### Dataset excerpts

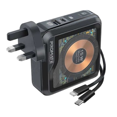 Promate Transparent Magsafe 10000mAh Power Bank With AC Charger
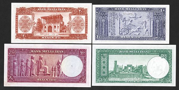 Iran, lot of 4 issued notes, includes 10 Rials, SH1330 (1951), P-59; 20 Rials, SH1330 (1951), P-60; 50 Rials, SH1330 (1951), P-61; and 100 Rials, SH1330 (1951), P-62, Uncirculated to Choice Uncirculated.
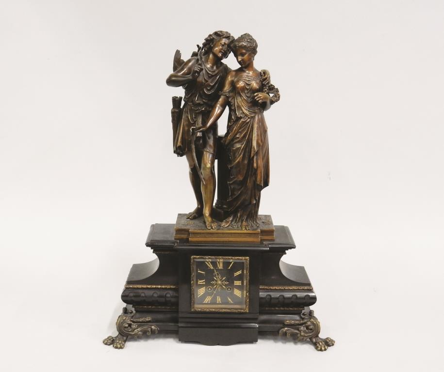 Miroir à pareclose en bois recouvert de cuivre repoussé à décor d'angelots, guirlandes et masques. XIXe siècle. (manque à un angle). 111 x 71 cm
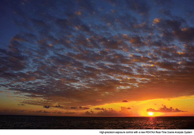 K-3 jest wyposażony w nowy PENTAX Real-Time Scene Analysis System (system analizy sceny w czasie rzeczywistym), który składa się z czujnika pomiaru światła RGB o rozmiarze około 86000 pikseli oraz udoskonalonego algorytmu, który pozwala nie tylko kontrolować ekspozycję z najwyższą dokładnością, ale również wykorzystać dane dostarczane przez czujnik pomiaru światła do jeszcze dokładniejszego AF oraz detekcji balansu bieli. Dzięki nowemu systemowi, zakres minimalnego poziom jasności został rozszerzony aż do nawet -3 EV.
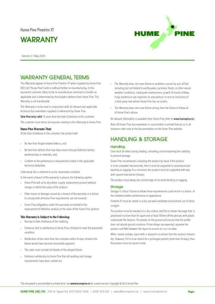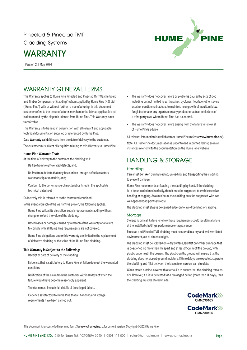 Hume Pine Pineclad & Pineclad TMT Warranty V2.1
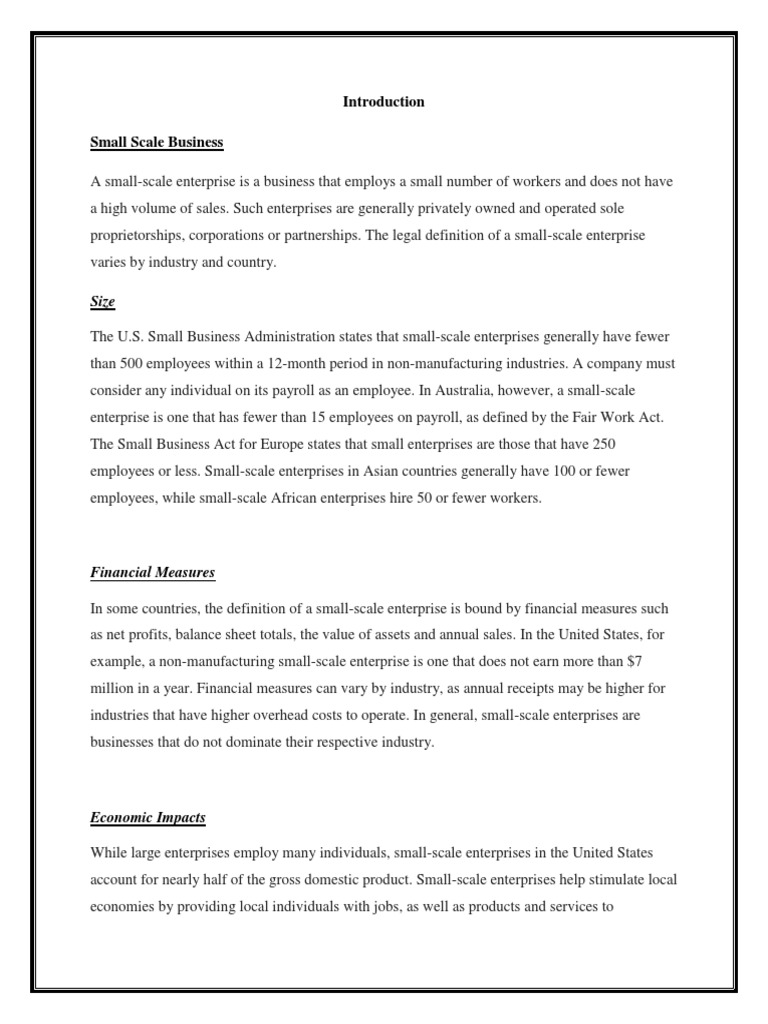 A small-scale enterprise is a business that employs a small number of workers and does not have

### Exercise description
Beginning with the line that contains "Iran, lot of", output every line down to the last line of the entries above exactly as written, apart from the pictures.

### Response
 Iran, lot of 4 issued notes, includes 10 Rials, SH1330 (1951), P-59; 20 Rials, SH1330 (1951), P-60; 50 Rials, SH1330 (1951), P-61; and 100 Rials, SH1330 (1951), P-62, Uncirculated to Choice Uncirculated.
 Miroir à pareclose en bois recouvert de cuivre repoussé à décor d'angelots, guirlandes et masques. XIXe siècle. (manque à un angle). 111 x 71 cm
 K-3 jest wyposażony w nowy PENTAX Real-Time Scene Analysis System (system analizy sceny w czasie rzeczywistym), który składa się z czujnika pomiaru światła RGB o rozmiarze około 86000 pikseli oraz udoskonalonego algorytmu, który pozwala nie tylko kontrolować ekspozycję z najwyższą dokładnością, ale również wykorzystać dane dostarczane przez czujnik pomiaru światła do jeszcze dokładniejszego AF oraz detekcji balansu bieli. Dzięki nowemu systemowi, zakres minimalnego poziom jasności został rozszerzony aż do nawet -3 EV.
 Hume Pine Pineclad & Pineclad TMT Warranty V2.1
 A small-scale enterprise is a business that employs a small number of workers and does not have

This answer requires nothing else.